Repeat the span of the entries below that starts at the line with "每经AI快讯,据东方财富Ch" and ends at the line with "В апреле команда", nothing more. Skip the pictures.

MATERIAL PROVIDED
##########

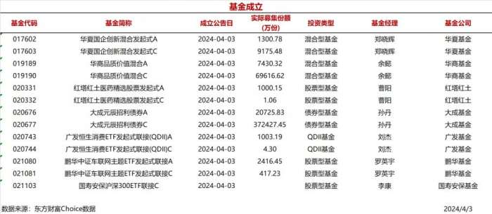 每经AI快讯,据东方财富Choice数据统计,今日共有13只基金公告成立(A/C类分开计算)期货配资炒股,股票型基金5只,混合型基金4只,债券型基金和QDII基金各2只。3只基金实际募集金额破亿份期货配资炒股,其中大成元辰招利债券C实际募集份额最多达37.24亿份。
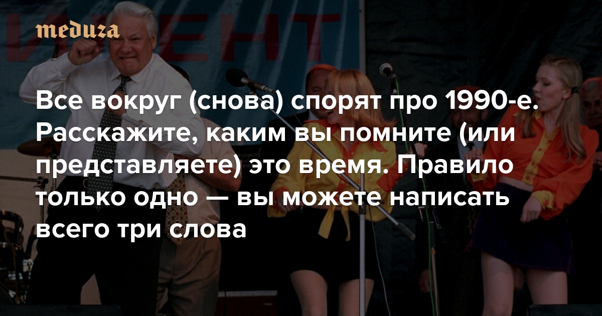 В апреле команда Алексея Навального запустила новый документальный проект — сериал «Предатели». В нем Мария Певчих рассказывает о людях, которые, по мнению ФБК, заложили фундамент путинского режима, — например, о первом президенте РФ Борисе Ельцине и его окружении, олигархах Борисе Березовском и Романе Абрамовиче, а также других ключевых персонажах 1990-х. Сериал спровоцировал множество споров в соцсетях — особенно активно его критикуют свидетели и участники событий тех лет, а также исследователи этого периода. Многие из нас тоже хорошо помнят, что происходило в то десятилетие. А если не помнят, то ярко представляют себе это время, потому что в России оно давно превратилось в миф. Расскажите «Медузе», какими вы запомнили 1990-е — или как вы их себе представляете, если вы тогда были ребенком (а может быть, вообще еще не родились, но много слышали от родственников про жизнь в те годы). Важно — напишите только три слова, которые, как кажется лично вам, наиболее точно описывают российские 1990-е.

##########

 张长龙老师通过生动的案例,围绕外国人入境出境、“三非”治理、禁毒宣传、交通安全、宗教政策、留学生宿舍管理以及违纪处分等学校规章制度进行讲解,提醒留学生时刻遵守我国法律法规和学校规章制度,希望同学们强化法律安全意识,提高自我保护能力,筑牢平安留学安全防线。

##########

WRITTEN ANSWER
 每经AI快讯,据东方财富Choice数据统计,今日共有13只基金公告成立(A/C类分开计算)期货配资炒股,股票型基金5只,混合型基金4只,债券型基金和QDII基金各2只。3只基金实际募集金额破亿份期货配资炒股,其中大成元辰招利债券C实际募集份额最多达37.24亿份。
 В апреле команда Алексея Навального запустила новый документальный проект — сериал «Предатели». В нем Мария Певчих рассказывает о людях, которые, по мнению ФБК, заложили фундамент путинского режима, — например, о первом президенте РФ Борисе Ельцине и его окружении, олигархах Борисе Березовском и Романе Абрамовиче, а также других ключевых персонажах 1990-х. Сериал спровоцировал множество споров в соцсетях — особенно активно его критикуют свидетели и участники событий тех лет, а также исследователи этого периода. Многие из нас тоже хорошо помнят, что происходило в то десятилетие. А если не помнят, то ярко представляют себе это время, потому что в России оно давно превратилось в миф. Расскажите «Медузе», какими вы запомнили 1990-е — или как вы их себе представляете, если вы тогда были ребенком (а может быть, вообще еще не родились, но много слышали от родственников про жизнь в те годы). Важно — напишите только три слова, которые, как кажется лично вам, наиболее точно описывают российские 1990-е.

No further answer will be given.